The regulator has come under fire recently for being disconnected from the real compliance burden advisers are facing, with ASIC’s retrospective ‘lookback’ program into past breaches reportedly precluding advisers from feeling comfortable with the current stated compliance boundaries.

“All that lookback stuff with ASIC has meant that advisers are looking over their shoulder,” said Story Wealth’s Anne Graham.

A similar line was taken by Press’s fellow panellist, Moran Partners director Paul Moran, who said advisers need to take a more conservative approach than indicated by ASIC to avoid complaints from a client that could escalate to the Australian Financial Complaints Authority.

“The conflicts occur because many of the standards that ASIC set don’t stand up in court,” Moran said. “[Advisers and licensees have] got to take a more conservative approach than just meeting what ASIC says is the required standard.”

Also on the panel, director of and chair of the Financial Planning Association, Marisa Broome, sympathised with compliance teams whose conservative stance is borne out of fear.

“Things like Reports 636 – which looked at the whole FDS issue and fee-for-no-service issue that was in place – and the AFCA 10 year ‘lookback’ has naturally led a lot of compliance people… to be incredibly conservative,” Broome said.

‘We’ve got to get over it’

Commissioner Press said she was “concerned” to read Professional Planner’s recent article citing advisers worry that their Statements of Advice met the regulatory standard, but were not compliant enough to satisfy legal teams.

“Well, it is the regulatory standard so it does meet the legal standard,” she said. “We’re not sure why that confusion exists, and we’re really keen to pursue that because I think we’ve got to get over it.”
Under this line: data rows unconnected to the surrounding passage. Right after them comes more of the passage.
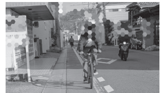
今までの何げない乗り方が青切符対象になりますよ！

A 今回の法改正に合わせて特段のことは考えていないが、警察へ規制標示の補修依頼を継続し反射材の設置等で視認性を高める。ナビラインは道幅の制約があるが、効果的な安全対策を研究・工夫し、誰もが安全に走行できる環境確保に努める。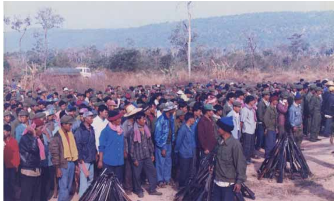
រូបខាងលើ៖ ពិធីសមាហរណកម្មនៅអន្លង់វែងឆ្នាំ១៩៩៩។ រូបខាងក្រោម៖ ពិធីសមាហរណកម្មនៅអន្លង់វែងឆ្នាំ១៩៩៩។

ផ្តល់ដំណឹងជាមុនយ៉ាងតិចតួចបំផុត។ អន្លង់វែងត្រូវបានដណ្តើមយកមកវិញអស់មួយរយៈពេលខ្លី ដែលបណ្តាលឲ្យខ្មែរក្រហម និងក្រុមគ្រួសារត្រូវ កៀសខ្លួនទៅកាន់ជម្រកជានានានៅតាមជួរភ្នំ។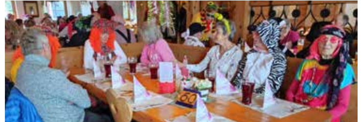
Im vollen Lokal der Kaiseralm am Campingplatz Euro-Camp herrschte bei den Besucherinnen und Besuchern beste Stimmung am Rosenmontag bei der Senioren-Faschings-Gaudi.

Mit mehreren Wanderungen, einer Faschingsveranstaltung am Rosenmontag, einem gemütlichen Nachmittag anlässlich des Josefittages sowie mehreren Spielenachmittagen sind wir voll in das neue Jahr gestartet. Neben einem Halbtages- und Ganztagesausfluges (nach Bayern und Osttirol) ist der nächste wichtigste Termin die Jahreshauptversammlung mit Neuwahlen und Ehrungen am 22. Mai 2026 um 11:30 Uhr (beginnend mit einem Mittagessen) der nächste wichtigste Programmpunkt im ersten Halbjahr.

As for licensees, she offered a theory as to why they may be wielding compliance at a higher level than required.

“I think some businesses and their compliance groups use the legislation to stop what they think are maybe less qualified advisers,” she said. “I don’t know, that seems to be my view, but at the end of the day the way they interpret the law and the risk is their choice.”

5 comments on “‘Conservative’ licensees hampering scaled advice: ASIC”
  1. Avatar

    ASIC’s mind-numbing musings continue to demonstrate how detached from the reality of providing advice that they are. How did they get invited to a forum with “Best Practice” in the name?

  2. Avatar

    Wow. What an incredible series of statements from our regulator.

    The way ASIC simply ignores FASEA and the Code of Ethics in their pronouncements is truly something to behold.

    To just wave them away like they don’t exist. Amazing.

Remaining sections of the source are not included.